§ **Exercise instructions**: The answer is to be the lines below that lie between the line holding "<> HEATED OXYGEN" and the line holding "国有银行投诉量:建行、工行、农业居前三,交行被投诉密度居首", inclusive, transcribed exactly and free of pictures.

§ **Material for this task**:
»»

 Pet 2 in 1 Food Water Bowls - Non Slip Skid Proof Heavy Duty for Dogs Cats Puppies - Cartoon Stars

««
»»

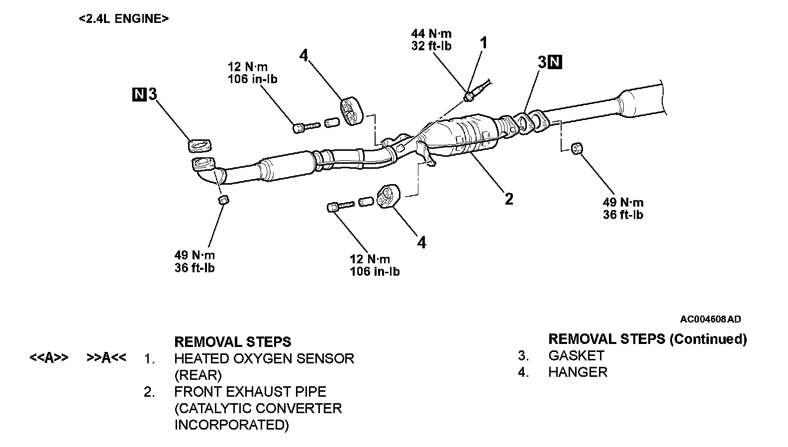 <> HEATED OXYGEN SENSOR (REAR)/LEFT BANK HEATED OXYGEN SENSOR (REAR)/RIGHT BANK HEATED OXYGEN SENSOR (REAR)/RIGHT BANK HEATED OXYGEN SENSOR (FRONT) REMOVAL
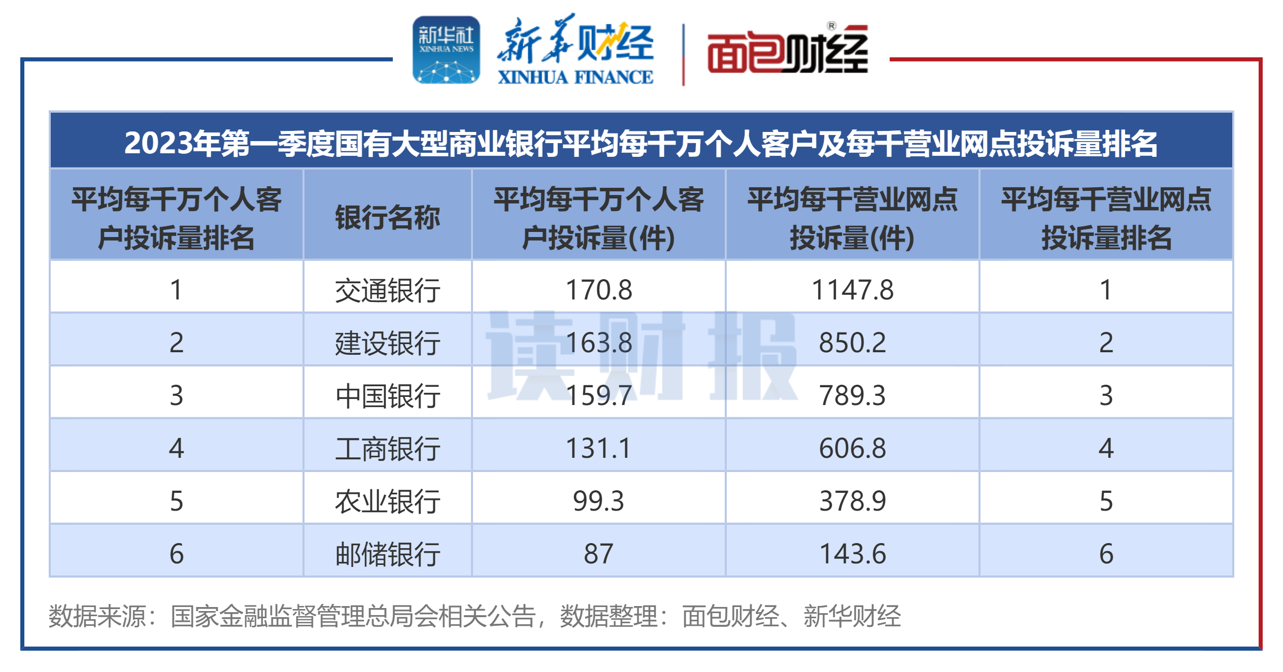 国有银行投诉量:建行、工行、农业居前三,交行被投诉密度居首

««
»»

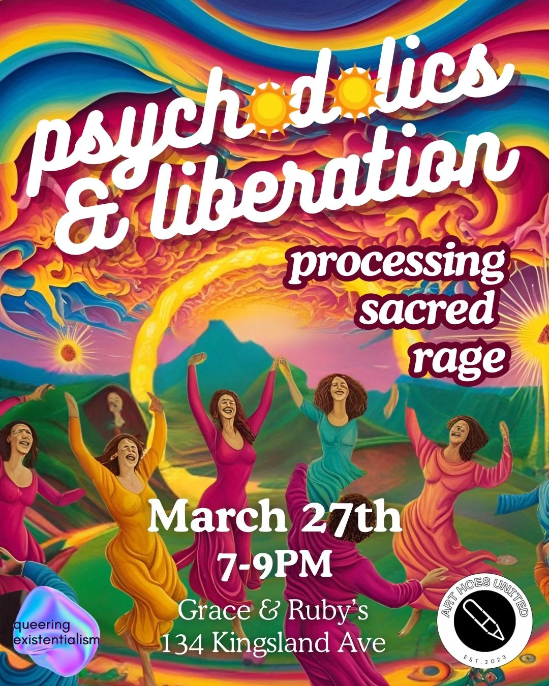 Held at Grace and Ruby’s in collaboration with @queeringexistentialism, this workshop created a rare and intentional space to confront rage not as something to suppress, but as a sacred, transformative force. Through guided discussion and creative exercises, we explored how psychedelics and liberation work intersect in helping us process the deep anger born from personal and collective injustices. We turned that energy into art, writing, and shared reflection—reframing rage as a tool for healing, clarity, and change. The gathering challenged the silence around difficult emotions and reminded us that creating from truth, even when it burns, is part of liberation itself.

««

§ **Written answer**:
 <> HEATED OXYGEN SENSOR (REAR)/LEFT BANK HEATED OXYGEN SENSOR (REAR)/RIGHT BANK HEATED OXYGEN SENSOR (REAR)/RIGHT BANK HEATED OXYGEN SENSOR (FRONT) REMOVAL
 国有银行投诉量:建行、工行、农业居前三,交行被投诉密度居首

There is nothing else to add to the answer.